[[ Excerpted data, beginning ]]

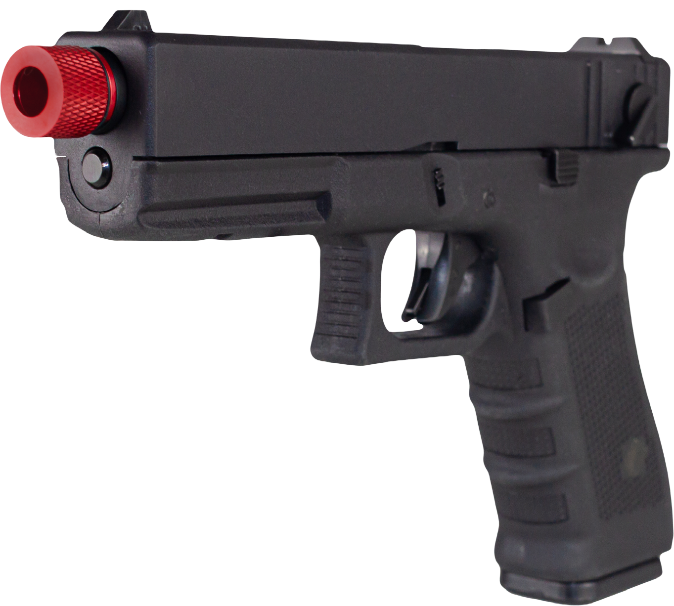 Esta Glock Airsoft possui trava manual e trava no gatilho, acessada na parte inferior, junto ao trilho.
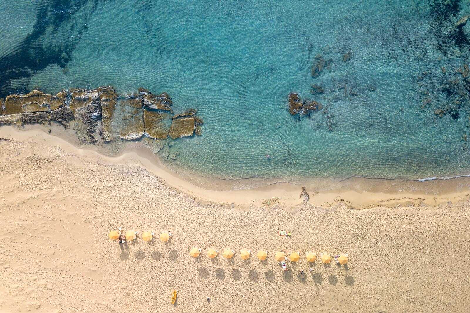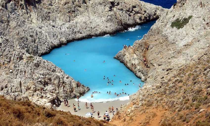 Здесь сливаются воды Ионического, Эгейского и Ливийского моря. Побережье покрыто ослепительно белым песком, розовыми ракушками и россыпью разноцветных камней. Бирюзовые спокойные мелководные лагуны безопасны для купания детей.
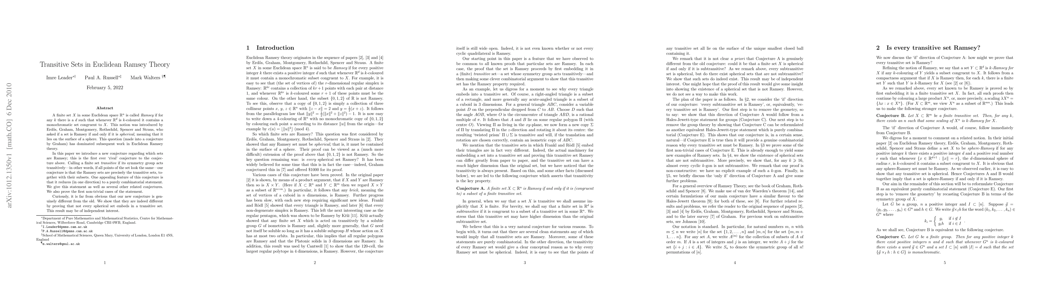 This paper introduces a new conjecture in Euclidean Ramsey theory suggesting that Ramsey sets are precisely the transitive sets and their subsets, contrasting with the long-standing conjecture that Ramsey sets are spherical. The authors prove initial non-trivial cases and show that their conjecture differs from the old by demonstrating that not every spherical set embeds in a transitive set.
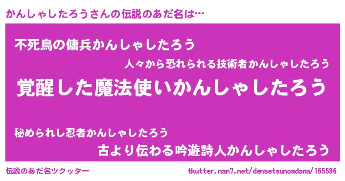 | 男性向けラノベタイトル風あだ名 | 『かんしゃしたろうの嫁は女の子じゃないと思った?』 |
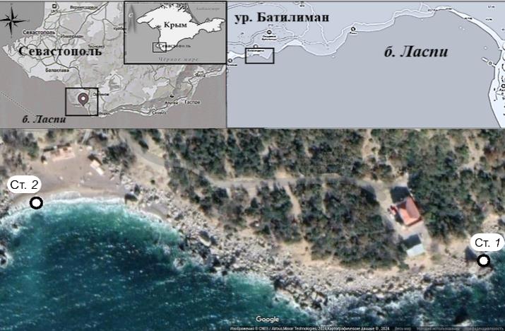 Рис. 1. Карта-схема отбора проб морской воды и макрообрастаний в акватории урочища Батилиман, 2023 г. Снимок Google Maps (URL: https://www.google.ru/maps)

[[ Excerpted data, end ]]

Task brief – Setting the pictures aside, return exactly the lines from the line with "男性向けラノベタイトル風あだ名 | 『かんしゃしたろうの嫁は女の子じゃないと思った?』 |" through the last line of the listing above.

Solution below –
 | 男性向けラノベタイトル風あだ名 | 『かんしゃしたろうの嫁は女の子じゃないと思った?』 |
 Рис. 1. Карта-схема отбора проб морской воды и макрообрастаний в акватории урочища Батилиман, 2023 г. Снимок Google Maps (URL: https://www.google.ru/maps)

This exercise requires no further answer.